The film was realistic in showing the challenges veterans have in readjusting to civilian life and in finding jobs. But none of the main characters, least of all Homer, questioned that the war was worth it.
About Toby Sells' story, "Pinch Potential" ...
Your recent article was more timely than you may have known. As we speak, the Tennessee Historical Commission is considering delisting the Historic Pinch District from the National Register of Historic Places. The reason they cite is that there aren't enough "historic resources" left in the district. Another way of saying this is that too many important historic properties have been demolished. We at Memphis Heritage disagree, as does the Memphis Landmarks Commission, which voted unanimously not to support the delisting. We believe that the boundaries of the district can be redrawn to carve out the abandoned lots.

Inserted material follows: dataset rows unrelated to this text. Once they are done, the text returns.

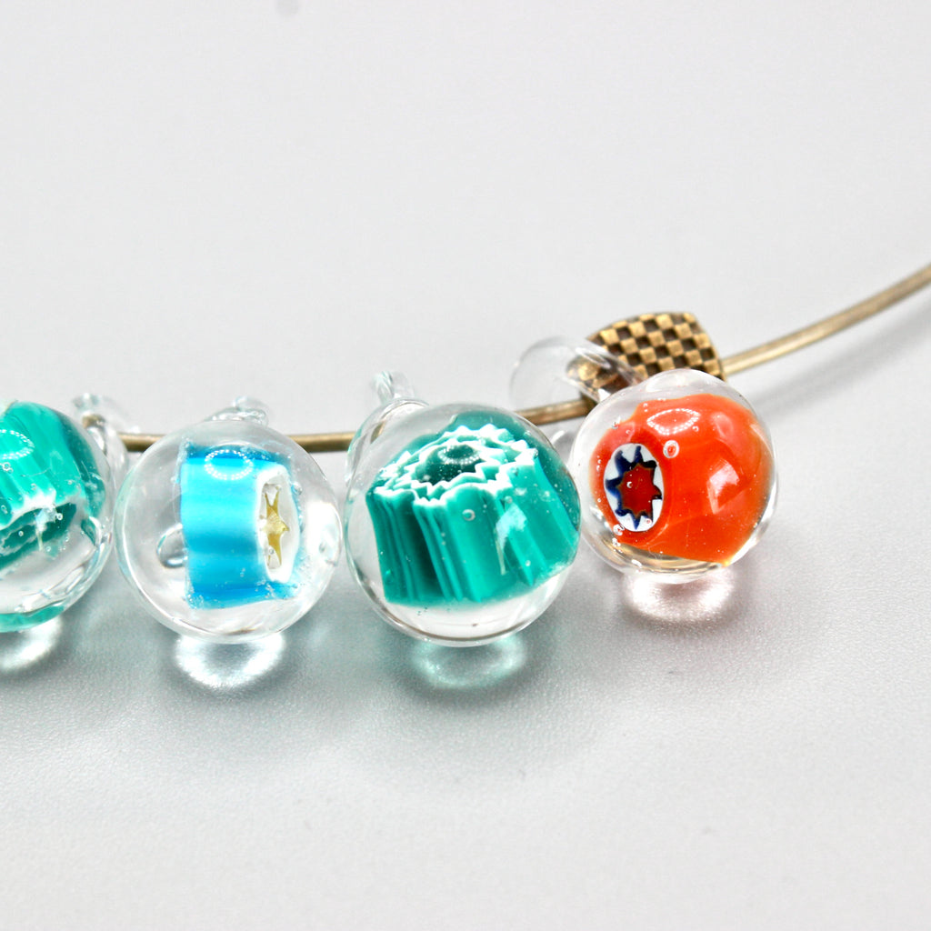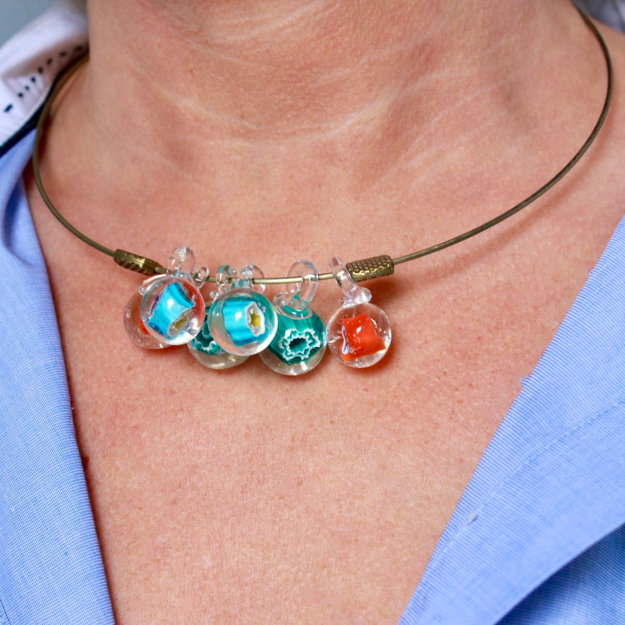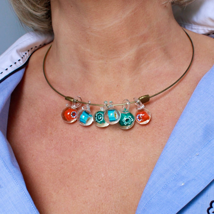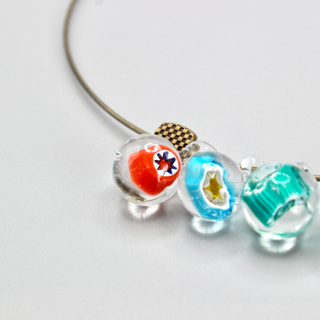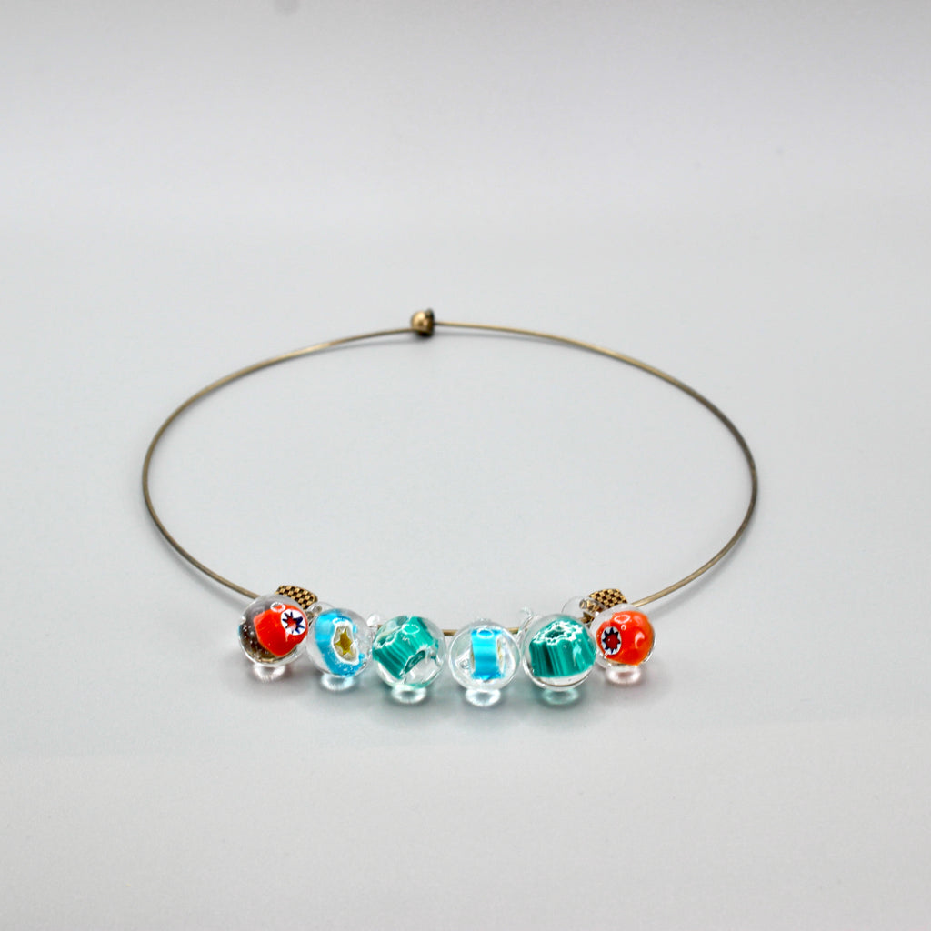 Ras de cou Murrines en verre de Murano filé au chalumeau par Pasc@l le perlier d'art maison montée sur un ras de cou rigide en métal qui s'adaptera parfaitement et facilement à tous les tours de cou, en un clin d’œil joyeux.
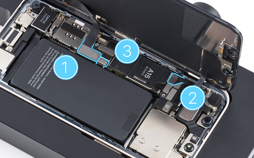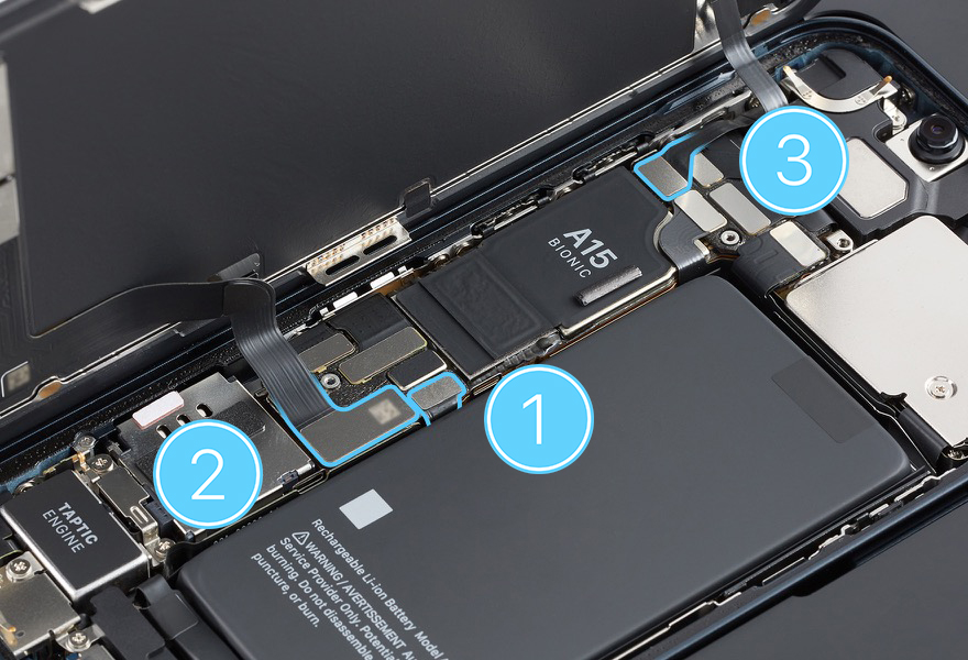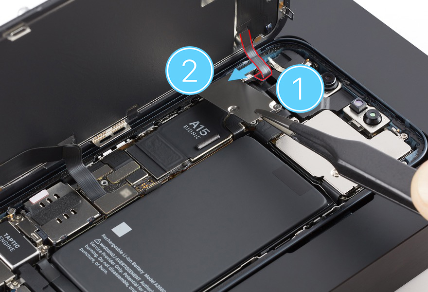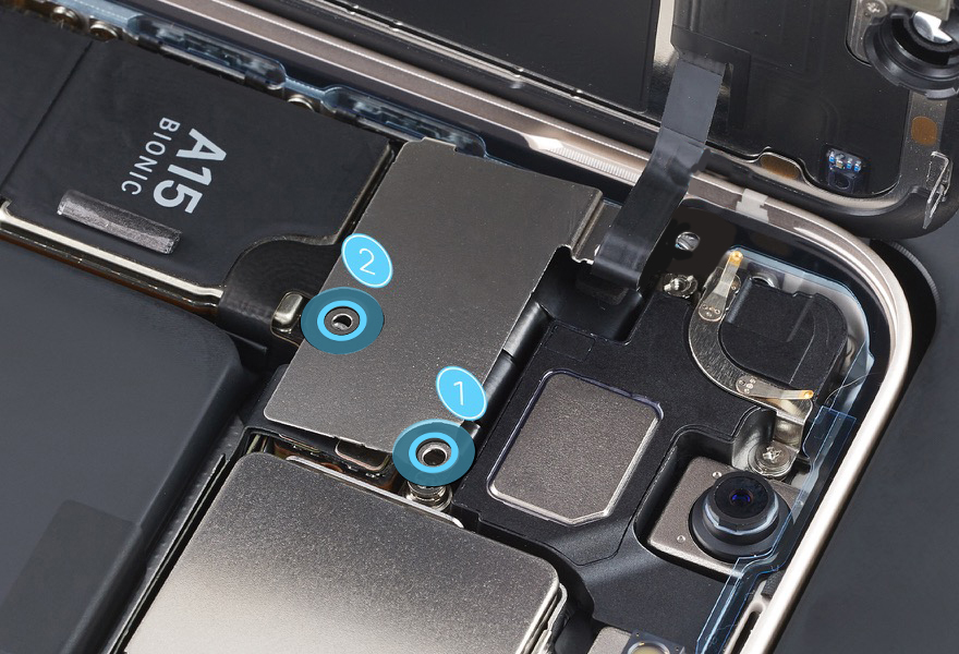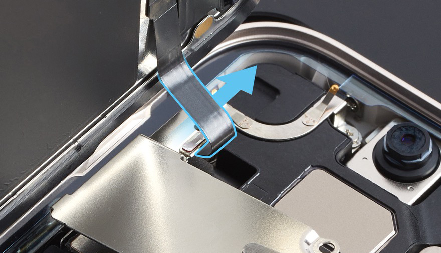 Caution: Don’t touch the TrueDepth camera assembly, grounding springs, or nearby parts.
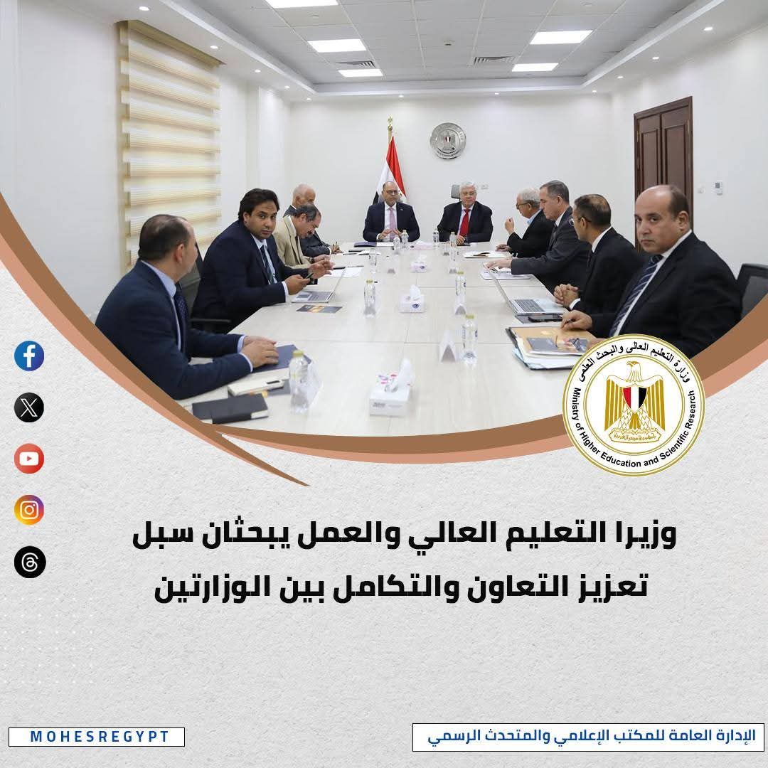 عقد الدكتور أيمن عاشور وزير التعليم العالي والبحث العلمي، والسيد/ محمد جبران وزير العمل، اجتماعًا لبحث سبل تعزيز التعاون بين الوزارتين، وأشار الوزير إلى حجم التوسع الكبير الذي شهدته منظومة التعليم العالي المصرية خلال السنوات الأخيرة، من خلال إنشاء جامعات جديدة أو فتح أفرع لجامعات أجنبية، أو منح درجات علمية مزدوجة بالتعاون مع الجامعات الدولية المرموقة، لافتًا إلى تنوع روافد منظومة التعليم العالى المصرية ما بين جامعات حكومية وخاصة وأهلية وتكنولوجية، وأفرع للجامعات الأجنبية، وتنوع المسارات التعليمية التي تلبي احتياجات سوق العمل المتغير على مستوى العالم، مؤكدًا حرص الوزارة على تعزيز التعاون الأكاديمي والبحثي بين المؤسسات التعليمية والبحثية، ودعم سبل التواصل بين الجانبين بما يفتح آفاقًا أوسع للشراكة العلمية والأكاديمية التي تخدم أولويات البلدين وتُسهم في بناء القدرات البشرية، وخلال الاجتماع، بحث الجانبان سبل تعزيز التعاون والتكامل المشترك بين الوزارتين، بما يعود بالنفع على تعزيز قدرات الطلاب والخريجين وتأهيلهم لتلبية متطلبات سوق العمل.
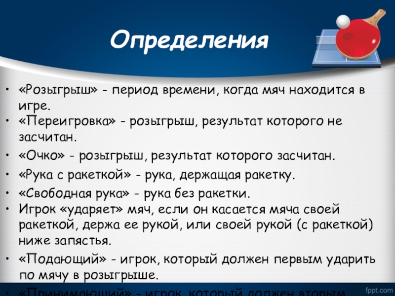 Игрок «ударяет» мяч, если он касается мяча своей ракеткой, держа ее рукой, или своей рукой (с ракеткой) ниже запястья.
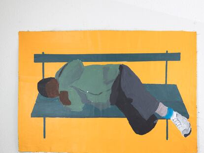 El beninés Didier Viodé pinta a esas personas, a menudo ignoradas, que viven en las calles, y cuyo número va aumenta sin que nadie las vea o haga nada. Muchos, migrantes. Su trabajo se expone en la primera edición de la Feria de Arte Contemporáneo Africano 1-54, en París
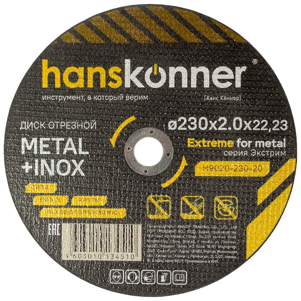 Диск отрезной по металлу Hanskonner, 230х22.2x2.0мм
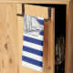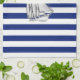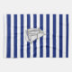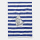 A silver chrome like regatta sail boat design on a navy blue stripes decor. A modern nautical sailboat gift.
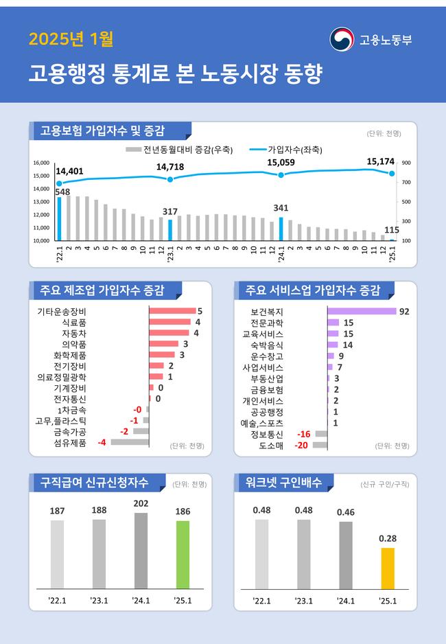 고용노동부가 10일 발표한 ‘2025년 1월 고용행정 통계’에 따르면, 1월 말 기준 고용보험 가입자는 1,517만 4천 명으로 전년 동월 대비 11만 5천 명(0.8%) 증가한 것으로 나타났다.
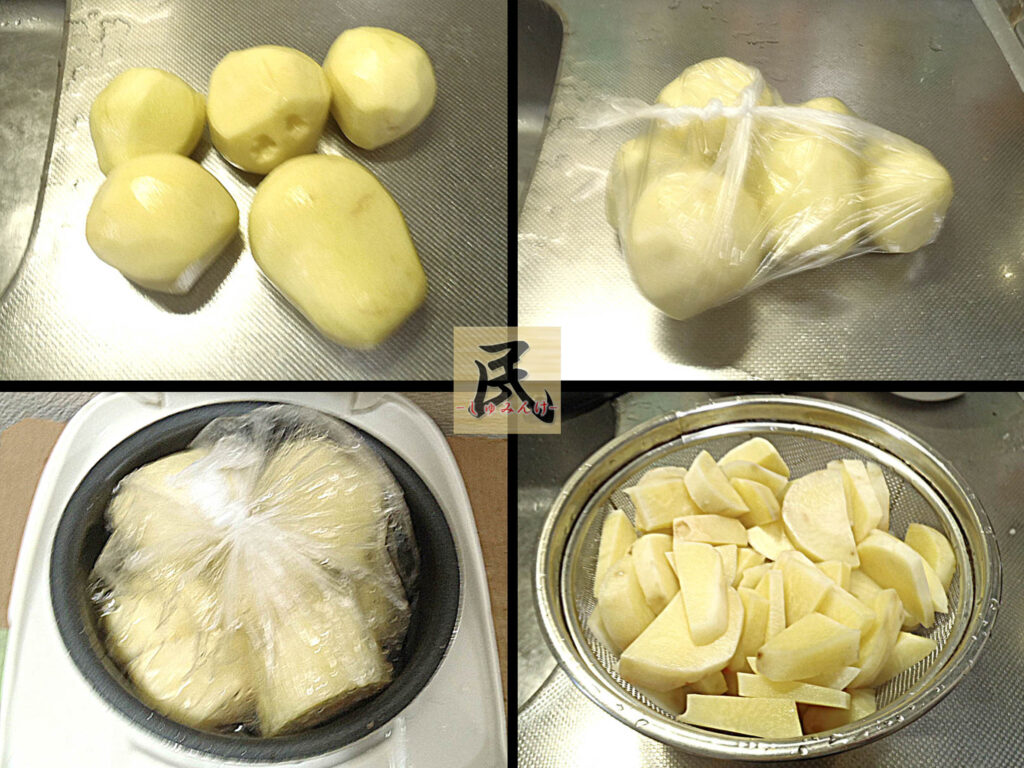 ①ジャガイモの皮を剥き、水洗いした後、耐熱袋に入れ、熱湯を張った炊飯器窯に入れ、再加熱モードを1回以上やり、(目安として、水からだと2回、沸騰したお湯なら1回程度)温度を65度から70度付近まで上げて保温状態で待つこと60分。
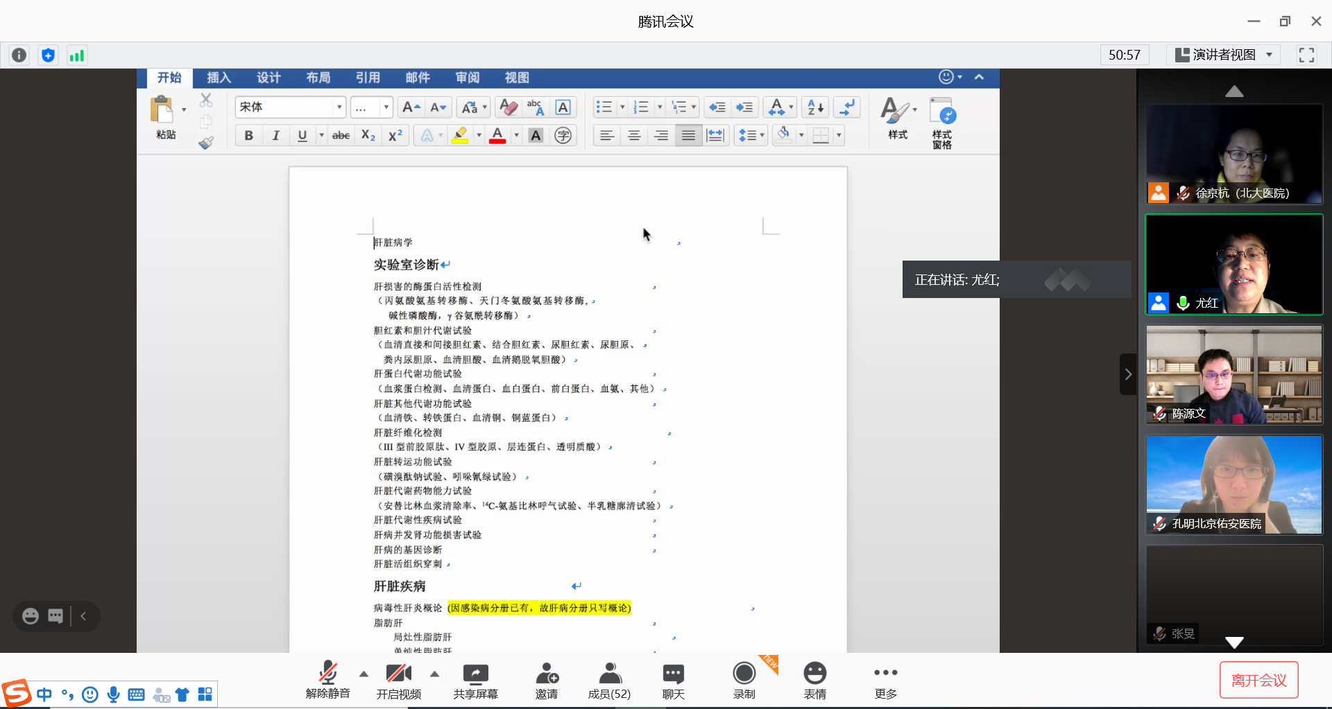 2020年11月22日,肝病学名词审定委员会召开线上审定工作启动会。中华医学会肝病学分会主任委员、肝病学名词审定委员会主任委员徐小元,北京友谊医院副院长、肝病学名词编写委员会主编尤红,以及南月敏、亚朦、徐京杭、陈源文、福军亮、李灵、孔明、彭虹、王荣琦、张旻、李伟、张玉果、刘嘉、梁红霞、张翀、雷宇、黄祖雄、李婉玉、杨辉、乔蓓、王璐、朱庆峰、曹海芳、唐映梅、杨慧、丁洋、万裴琦、陈立、王杰、蔡晓波等50余位来自全国各地的肝病学专家,医学名词审定委员会秘书长张玉森,全国科技名词委医学专项办项目主管商涛等人参加会议。会议由尤红主持。
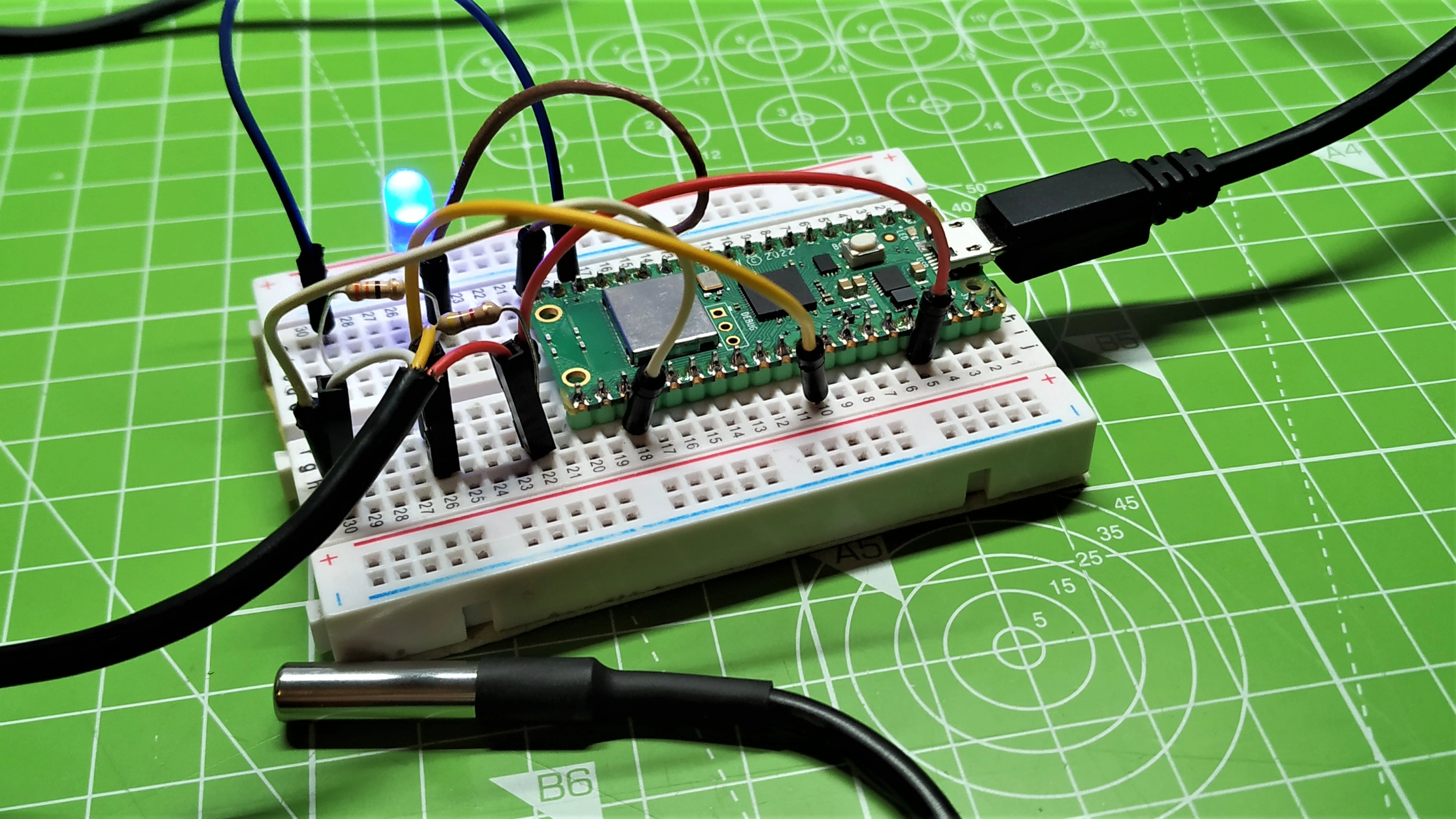 In this how-to, we will use a Raspberry Pi Pico to capture live temperature data using a DS18B20. This sensor comes in many forms, from a bare transistor chip, to a water resistant cable. We’ll be using the latter version, which can be partially submerged in a liquid to monitor the temperature. Our project will take a temperature reading and using a conditional test in MicroPython it will trigger an LED to flash if the temperature goes below 20 degrees Celsius.
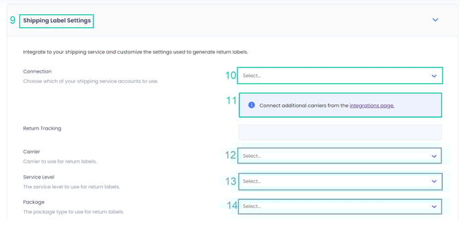 11. Select the Carrier to use for return labels.

A few tragic things led to the potential delisting of the district. When the Pyramid was constructed, a few shortsighted property owners razed some significant historic properties for parking lots. We see how well that worked out. Another issue is our woefully lacking regulations governing the building permit process. Recently, a property owner in the Pinch razed a historic building without applying for a demolition permit. Her penalty? A $50 fine.
A listing on the national register makes it much easier for property owners and developers to apply for and receive Historic Tax Credits, which are a huge incentive to redevelopment that could help bring the district back. MEMFix events are fabulous and successful. A pop-up party in the Pinch will enlighten a lot of Memphians about a real gem of a neighborhood. Let's just hope we're not too late.